Сдавленный стон вырывается из сжатых губ, когда его бедра приподнимаются. Оранжевый свет начинает сочиться из его взгляда, и ноги мои слабеют.
Мне не удается вовремя скрыть выражение лица, когда он закрывает глаза, пряча от меня свою силу, и одним быстрым движением вновь приникает к моим губам. Наши языки сплетаются, переводя мое тело на сверхскорость, и я впиваюсь пальцами в его белокурые волосы.
Его руки повсюду. Одна сжимает мою задницу именно так, как я люблю, а другая рисует круги на моем клиторе поверх одежды. В животе порхают бабочки, и желание нарастает с каждым его прикосновением.
Словно Фрэнк заявляет права на мое тело, превращая меня в податливый пластилин даже не пытаясь. Он отстраняется, только когда мы буквально начинаем задыхаться. Я смотрю и жду, а он сверлит меня взглядом. Его ноздри раздуваются так, что, кажется, он явно не в восторге от такого поворота.
Учитывая, с какой ненавистью он на меня смотрит, я уже собираюсь сказать, что не я одна это начала, но затем он опускает между моих ног обе руки. Воздух разрезает звук рвущейся ткани, и ветерок касается моих бедер, когда Фрэнк переворачивает меня на своих коленях, как куклу.

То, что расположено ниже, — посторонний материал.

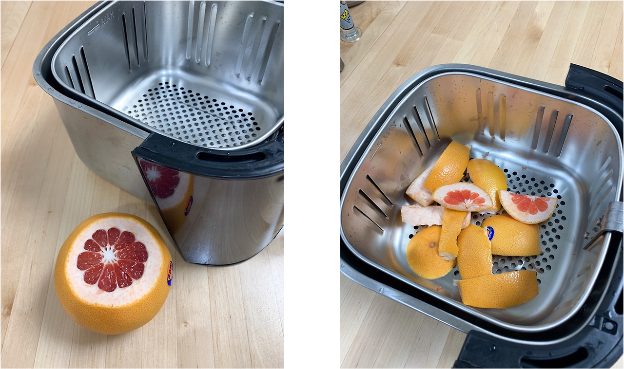 자몽을 후식으로 먹고 껍질만 모아서 바스켓에 늘어놓는다.

— Какого черта, — выдыхаю я, но в следующее мгновение голова откидывается, и из горла вырывается высокий стон. Один толстый палец входит в меня, попадая прямо в точку G, будто его подушечка намагничена именно к тому месту, где Фрэнк знает, что доставит максимальное удовольствие. Я с силой кончаю, вцепляясь в его предплечье как в спасательный круг. Он замирает, позволяя мне сжимать его руку, давая передышку от наслаждения.
— О, блядь… — мое дыхание становится прерывистым, а соски напрягаются о ткань бюстгальтера, и он снова начинает ласкать мою киску.
Я моргаю, когда он поднимает руку и снимает с моего лица очки, кладя их на скамью рядом.
Это движение почти нежное, и полный контраст в его поведении повергает меня в смятение, прежде чем он начинает трахать меня, используя толстый указательный палец как дилдо, прижимая мою голову к своей груди, крепко удерживая меня.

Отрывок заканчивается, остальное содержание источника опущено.